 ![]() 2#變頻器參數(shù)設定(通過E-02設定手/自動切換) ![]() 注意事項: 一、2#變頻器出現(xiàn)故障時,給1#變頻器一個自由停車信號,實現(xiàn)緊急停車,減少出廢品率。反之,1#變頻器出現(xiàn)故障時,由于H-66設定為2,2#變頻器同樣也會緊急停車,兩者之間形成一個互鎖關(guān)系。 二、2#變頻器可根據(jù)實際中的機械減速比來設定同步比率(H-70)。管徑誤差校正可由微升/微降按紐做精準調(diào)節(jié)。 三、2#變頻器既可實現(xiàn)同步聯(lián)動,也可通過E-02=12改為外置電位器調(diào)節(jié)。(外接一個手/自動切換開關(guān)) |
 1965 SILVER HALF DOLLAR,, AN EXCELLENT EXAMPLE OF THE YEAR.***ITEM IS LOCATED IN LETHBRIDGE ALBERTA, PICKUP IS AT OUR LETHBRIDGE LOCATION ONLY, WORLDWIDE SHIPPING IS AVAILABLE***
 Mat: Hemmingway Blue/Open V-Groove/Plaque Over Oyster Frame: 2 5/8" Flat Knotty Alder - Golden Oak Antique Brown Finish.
========================
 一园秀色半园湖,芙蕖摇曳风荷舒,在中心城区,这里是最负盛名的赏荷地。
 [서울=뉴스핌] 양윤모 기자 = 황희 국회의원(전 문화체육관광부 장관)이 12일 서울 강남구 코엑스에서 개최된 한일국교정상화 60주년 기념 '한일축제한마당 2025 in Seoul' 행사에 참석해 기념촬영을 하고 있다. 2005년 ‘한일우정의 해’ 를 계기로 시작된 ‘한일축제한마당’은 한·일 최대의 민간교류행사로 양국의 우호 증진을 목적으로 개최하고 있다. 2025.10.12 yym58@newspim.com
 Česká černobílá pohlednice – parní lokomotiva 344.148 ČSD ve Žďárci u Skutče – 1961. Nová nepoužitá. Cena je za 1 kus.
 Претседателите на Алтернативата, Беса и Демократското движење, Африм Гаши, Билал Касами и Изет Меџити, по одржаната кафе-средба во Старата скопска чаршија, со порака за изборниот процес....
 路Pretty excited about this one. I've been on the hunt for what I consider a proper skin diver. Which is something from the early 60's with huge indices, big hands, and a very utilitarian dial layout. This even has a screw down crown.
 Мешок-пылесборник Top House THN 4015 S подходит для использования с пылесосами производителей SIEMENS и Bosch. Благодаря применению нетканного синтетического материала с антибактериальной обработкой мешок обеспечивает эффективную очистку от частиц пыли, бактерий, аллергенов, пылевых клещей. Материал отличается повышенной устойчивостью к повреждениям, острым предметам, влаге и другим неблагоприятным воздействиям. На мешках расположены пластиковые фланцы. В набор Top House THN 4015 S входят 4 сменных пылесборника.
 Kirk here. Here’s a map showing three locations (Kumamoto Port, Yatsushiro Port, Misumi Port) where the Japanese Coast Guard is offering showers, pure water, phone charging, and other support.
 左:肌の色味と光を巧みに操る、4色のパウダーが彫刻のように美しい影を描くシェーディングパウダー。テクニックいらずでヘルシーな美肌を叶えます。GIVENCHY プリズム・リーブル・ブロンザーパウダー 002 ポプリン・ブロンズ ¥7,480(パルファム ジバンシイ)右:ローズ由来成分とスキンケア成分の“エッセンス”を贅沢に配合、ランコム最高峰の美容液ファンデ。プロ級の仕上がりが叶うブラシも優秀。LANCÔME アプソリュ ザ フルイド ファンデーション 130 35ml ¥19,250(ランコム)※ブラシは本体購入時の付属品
========================
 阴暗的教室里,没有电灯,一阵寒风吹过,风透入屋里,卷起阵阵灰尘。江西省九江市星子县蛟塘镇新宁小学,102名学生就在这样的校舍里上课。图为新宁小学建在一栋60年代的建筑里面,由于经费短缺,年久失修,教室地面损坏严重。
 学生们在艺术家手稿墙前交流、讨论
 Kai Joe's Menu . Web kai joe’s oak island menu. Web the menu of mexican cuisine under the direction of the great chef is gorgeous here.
========================
*Exercise instructions*
From the records above, give again exactly the lines running from the line with "[서울=뉴스핌] 양윤모 기자" to the line with "路Pretty excited about", inclusive.

*Answer to this task*
 [서울=뉴스핌] 양윤모 기자 = 황희 국회의원(전 문화체육관광부 장관)이 12일 서울 강남구 코엑스에서 개최된 한일국교정상화 60주년 기념 '한일축제한마당 2025 in Seoul' 행사에 참석해 기념촬영을 하고 있다. 2005년 ‘한일우정의 해’ 를 계기로 시작된 ‘한일축제한마당’은 한·일 최대의 민간교류행사로 양국의 우호 증진을 목적으로 개최하고 있다. 2025.10.12 yym58@newspim.com
 Česká černobílá pohlednice – parní lokomotiva 344.148 ČSD ve Žďárci u Skutče – 1961. Nová nepoužitá. Cena je za 1 kus.
 Претседателите на Алтернативата, Беса и Демократското движење, Африм Гаши, Билал Касами и Изет Меџити, по одржаната кафе-средба во Старата скопска чаршија, со порака за изборниот процес....
 路Pretty excited about this one. I've been on the hunt for what I consider a proper skin diver. Which is something from the early 60's with huge indices, big hands, and a very utilitarian dial layout. This even has a screw down crown.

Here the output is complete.